What are they and how to differentiate them?

Are you looking for information or the information is looking for you?

When we refer to the “search” term we refer to the action of doing anything to find someone or something, in this case in the search context of the internet or in an online store, it’s the action that is carried out in an engine (search engine) in order to find files or documents, products, references or more, hosted on web servers.



On the Internet, a search is the action carried out in an engine (called a search engine), with the aim of finding certain files or documents that are hosted on web servers.


But what is discovery? Basically it is finding something that was ignored or hidden.

Why is discovery better than search?

One of the reasons is data overload, because, in order for this data to be processed requires a large amount of effort, space and time. 

Searching for something (either through Google or an online store search engine) examines large amounts of data, including non-relevant data. 

This is because a large amount of information is required for a search engine to know exactly what you are looking for.

On the other hand, “proactively” generated discovery, where a system generates a context of what it is doing or looking for, can be the next big leap in data management.

The combination of these elements (traditional search + Context) generates the discovery and because of this, we can save a lot of time and resources when we want to discover (for example a product or an offer).

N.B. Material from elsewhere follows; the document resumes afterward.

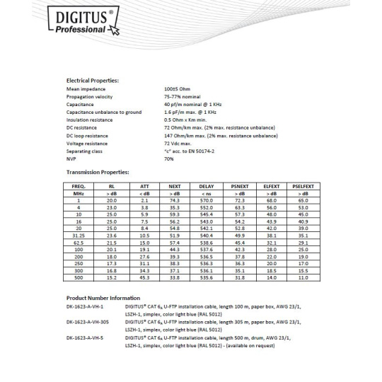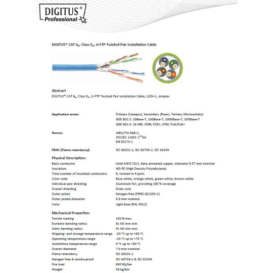 DIGITUS CAT 6A U-FTP Kábel 4x2,drôt AWG23, LSOH, modrý, 305m - 4x2 AWG23 drôt, čístá meď - Kategória CAT6A vyhovuje normám ISO/IEC 11801, TIA/-586-C.2, EN 50173 - Najvyšší podporovaný protokol: 1000BaseT, Gigabit Ethernet - 500MHz - Farebne odlíšené žily - Páry sú jednotlivé stínené hliníkovou fóliou - Celok je nestínený - Izolácia: SFS-PE - Plášť: LSOH - NVP: 70% - Zaťaženie: 150N max. - Dynamický polomer v ohybe: 8x AD mm min. - Statický polomer ohybu: 4x AD mm min. - Skladovacia teplota: -20°C až 60°C - Teplota pri inštalácii: 0°C až 50°C - Farba plášťa: svetlo modrá - Dĺžka kábla v balení: 305m na drevenej cievke Inštalačný kábel CAT6A zaručuje dlhú životnosť, maximálny výkon a bezproblémový chod počítačovej siete. Inštalačný kábel - CAT6A je určený pre horizontálne rozvody a bez problémov spĺňa požiadavky definované v medzinárodných štandardoch ISO/IEC 11801, TIA/-586-C.2, EN 50173 pre CAT6A a je preto vhodný aj pre prevádzku tých najnáročnejších protokolov určených pre štruktúrovanú kabeláž. e preto vhodný aj pre prevádzku tých najnáročnejších protokolov určených pre štruktúrovanú kabeláž.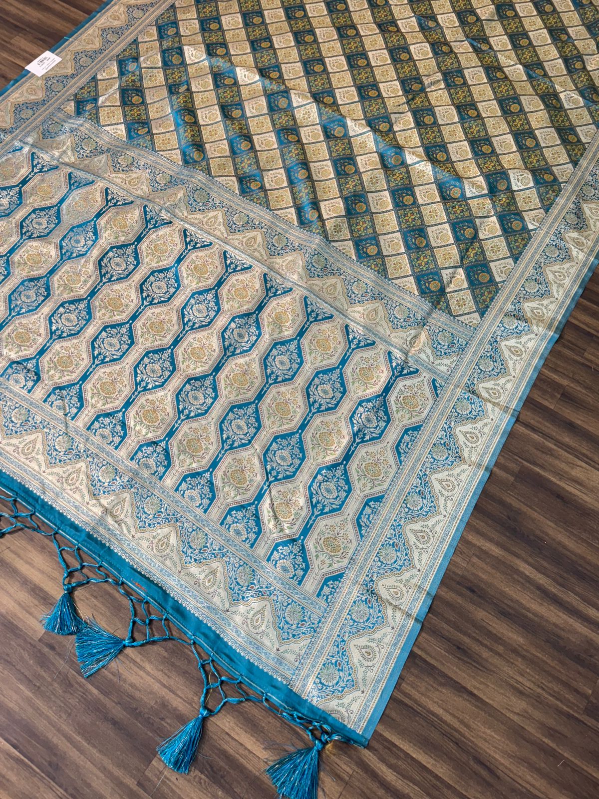 Discover elegance with this premium silk saree featuring intricate zari work, geometric floral motifs, and a richly designed paisley pallu. Perfect festive and wedding wear from Shagun Fashion and Zankhi Boutique, complete with decorative tassels for a royal look.

This context is generated by several elements, such as: the information that the system is receiving (location, device, history, etc.), recommendations, similar purchases by similar users or machine learning, in such a way that the more we use it, more and better patterns are generated, the system manages to learn more and the results are increasingly accurate, resulting in less use of resources and the knowledge of what the user might need.

Therefore, when we mention a “proactive” system, we mean that the mechanisms of the discovery engine are activated not when the user requests it (passive), instead, the discovery tool provides the desired information when it is needed. That is the power of discovery, and that is what the search should eventually evolve into.

What do we need to do to achieve that evolution?

To “discover”, a system must be able to understand what we are looking for and how it will be applied, providing relevant information when asked to do so, or even automatically.

For a system to be able to understand and analyze the context, it needs a data repository, classified, organized and ordered in such a way that its processing is simple, fast and relevant information can be obtained.

This is the importance of having the appropriate recommendation or discovery system, which is capable of:

  • Attract online traffic where we want it.
  • Offer suitable product suggestions while storing data.
  • Involve consumers while making individual item recommendations.
  • Dig even deeper into a product catalog without having to search one after another.
  • Transform or convert users into customers.
  • Increase the average ticket value and the number of items per order.

In today’s era where data is everything, finding and classifying it becomes a greater challenge than ever, so information must be updated and presented in a renewed way, where users do not have to search, but to discover.